Despite heavy promotion from NBC and positive critical reviews, Chuck suffered in domestic ratings due to stiff competition from established hits from ABC (Dancing with the Stars), Fox (House), and CBS (How I Met Your Mother, Rules of Engagement) in the Monday 8:00–9:00 pm ET timeslot. Its ratings were also affected by the 2007–2008 Writers Guild of America strike in the first season and President Barack Obama's prime time news conference that led to the show being preempted for a week in the second season, shortly after NBC had done heavy promotion for the show around the Super Bowl. In May 2010, it was reported that Chuck ranked in the top 20 TV shows in the SocialSenseTV ratings report of social media interactions, measuring posts and reads on forums, blogs, and other social media over a three-month period.

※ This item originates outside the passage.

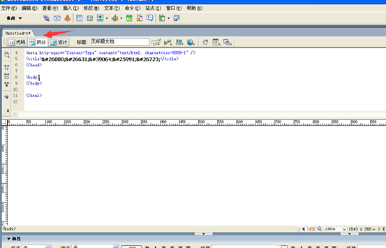 1、打開且創建一個Dreamweaver網頁編寫窗口,進入后點擊“拆分”。

| Season | Timeslot (ET) | Season premiere | Season finale | TV season | Rank | U.S. viewers in millions |
| 1 | Monday 8:00 p.m. | September 24, 2007 | January 24, 2008 | 2007–2008 | #65 | 8.68 |
| 2 | September 29, 2008 | April 27, 2009 | 2008–2009 | #71 | 7.36 |
| 3 | January 10, 2010 | May 24, 2010 | 2009–2010 | #82 | 5.99 |
| 4 | September 20, 2010 | May 16, 2011 | 2010–2011 | #101 | 5.58 |
| 5 | Friday 8:00 p.m. | October 28, 2011 | January 27, 2012 | 2011–2012 | #138 | 4.25 |

===Critical reception===
In its first year, Chuck received critical acclaim. Rolling Stone magazine included the show on its fall 2007 "We Like to Watch" list, saying the show "wipes the floor with the other fall debuts". Chuck landed on USA Todays list of the "10 Picks for 2007" and they called Levi's performance "incredibly winning", giving the comedy three-out-of-four stars. Chuck drew numerous comparisons to another critically acclaimed comedy that debuted in Fall 2007—Reaper—which also starred a twenty-something underachiever who works in a large retail, "big-box" store (Work Bench) and is drawn into heroism against his will.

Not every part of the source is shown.